There might be other ways to address this issue, for example by quantifying how good the approximation is mathematically, or showing that it becomes exact in some limit (for example, when the amount of noise is small, or when the amount of noise is large). It does seem to me that checking the results against Monte Carlo simulations would be the most convincing way to demonstrate their validity, though, and I do strongly encourage the authors to explore something along these lines, even if the validity of the approximation can also be studied mathematically.

Of course another possible approach, which I think parts of the paper take, is to say that the example under consideration is not the Lorenz system itself but only its Laplace approximation. However, this would substantially weaken the more general results of the paper, as mentioned above. Those more general claims would need to be heavily qualified to make clear that they only hold under a very strong and somewhat unnatural condition on the dynamics (exactness of the Laplace approximation) and might not hold in general.

--

A closely related issue is that what seems to be a crucial technical point never really gets explained. I refer here to the first "<=>" in equation 14, which appears in another form as the last "<=>" in equation 22. At first I didn't think this could possibly be true, but I later realised (I think) that it is intended as a statement about the Laplace approximation, rather than about stochastic differential equations in general. But even as a property of the Laplace approximation it doesn't seem straightforward, and it's the sort of claim for which I would like to see a clear statement (including the assumptions needed for it to hold), together with a proof or a reference to a proof.

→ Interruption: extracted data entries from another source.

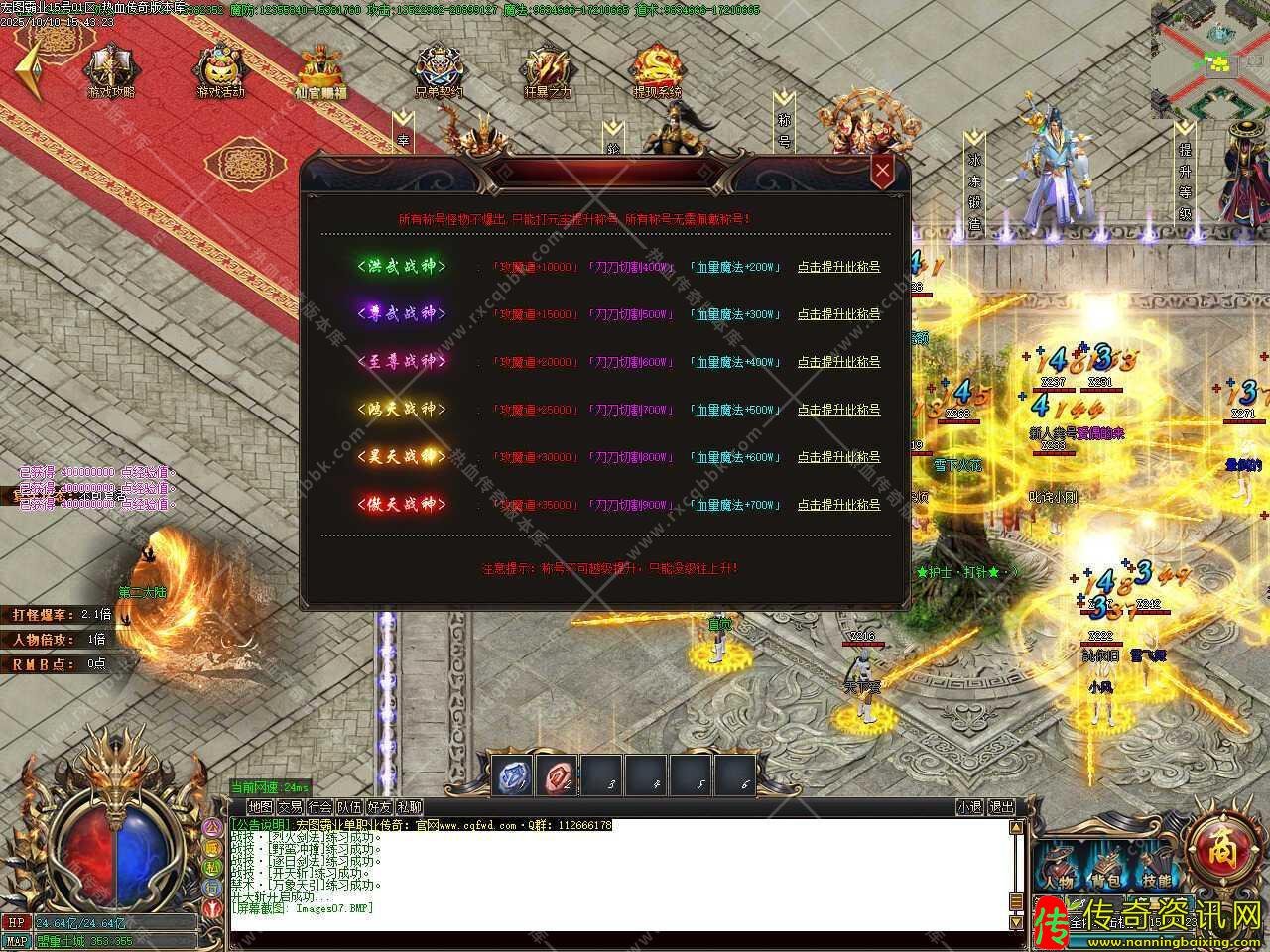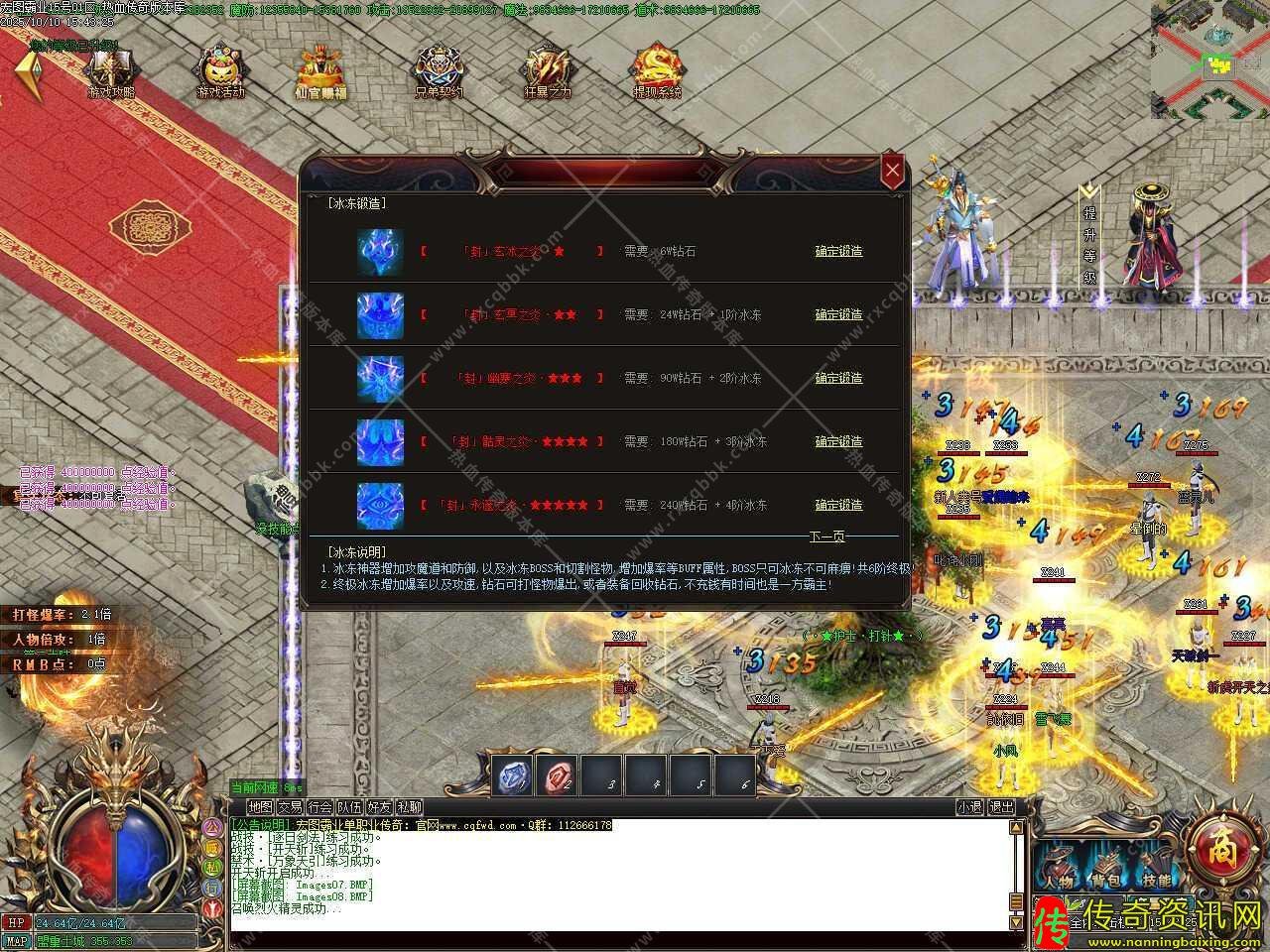 四、此传奇版本元宝可在土城左边升级切割,钻石可提升称号以及打怪冰冻神器,随处泡点到500级后,每个怪物必爆等级丹,可在土城正上方提升等级,可进等级地图。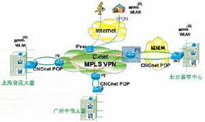 VPN中,實現(xiàn)業(yè)務(wù)在VLAN 和VPN中的無縫對接,以保證用戶數(shù)據(jù)的安全、高效傳輸;接入網(wǎng)采用基于RPR或SDH的MSPP環(huán)實現(xiàn)IP業(yè)務(wù)和TDM業(yè)務(wù)的綜合傳輸;在商業(yè)樓宇內(nèi)主要采用IAD設(shè)備將客戶的數(shù)據(jù)、語音、專線等業(yè)務(wù)接入CNC
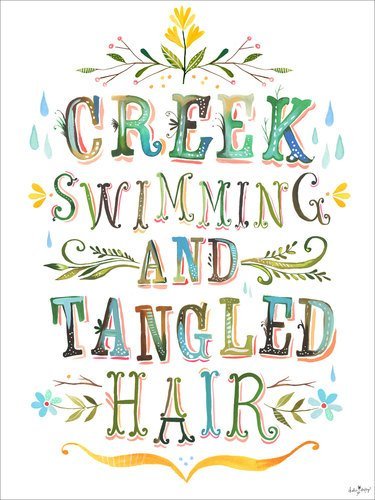 A sign of a perfect summer day is having tangled hair from hours of swimming in the creek. Katie Daisy inspires with whimsical words and fanciful typography in pleasing color palettes. Bring cheer to your walls with her delightful wall art decor. Finally, kid's wall art that can be changed as quickly as your child's tastes! Oopsy Daisy Posters That Stick are repositionable and reusable fabric wall decals featuring the same great designs as our top-selling canvas wall art. With a durable material and affordable price tag, it's easy to get creative with your artwork for kid's rooms. Long lasting non-toxic inks provide brilliant color without harming the environment and all of our children's wall decals are printed in the USA.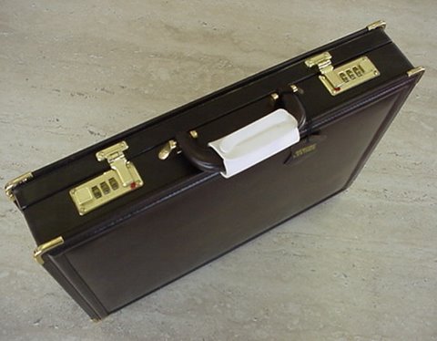 A top grain cowhide leather brown attache with a sueded pigskin lining interior. Three file pockets, pen loops, card pockets and trimmed in top grain leather.

This claim seems to be the basis of all of the main results of the paper, so it seems quite important to state and prove it clearly.

Here is my reasoning for thinking it's a claim about the Laplace approximation, rather than a general claim. In general, I(x) = -log p(x) is a more or less arbitrary function of x, and hence a condition on its second derivatives can't possibly be equivalent to a condition on the whole function, which is what the stated conditional independence condition amounts to. However, if we take the Laplace approximation then the approximate version of I(x) is assumed to be quadratic, so it becomes plausible that a condition on its second derivatives could be equivalent to a condition on the whole approximated distribution. But even in that case the statement doesn't seem straightfoward and I would like to see a proof.

--

The remainder of this review consists of comments on specific paragraphs that the authors might want to consider for improvement, as well as minor errors.

 

lines 62-75. The references in this paragraph are a mixture of papers about two different topics, namely stochastic differential equations on the one hand and the Lorenz system on the other, the latter being traditionally defined as a system of ordinary ODEs without a noise term. This mixing of topics makes it difficult for the reader to undetstand which references are relevant to which claims. There is a claim that the Lorenz system has a pullback attractor, but the citations in that sentence are about stochastic systems and don't mention the Lorenz system. Further down a claim is made about nonequilibrium and the loss of detailed balance, but this is backed up by papers about deterministic chaos that don't mention detailed balance. It would be helpful to restructure the paragraph to make it clear which claims are backed up by which referenes, and to make clear the relationship between the references on deterministic chaos and the references on stochastic dynamics.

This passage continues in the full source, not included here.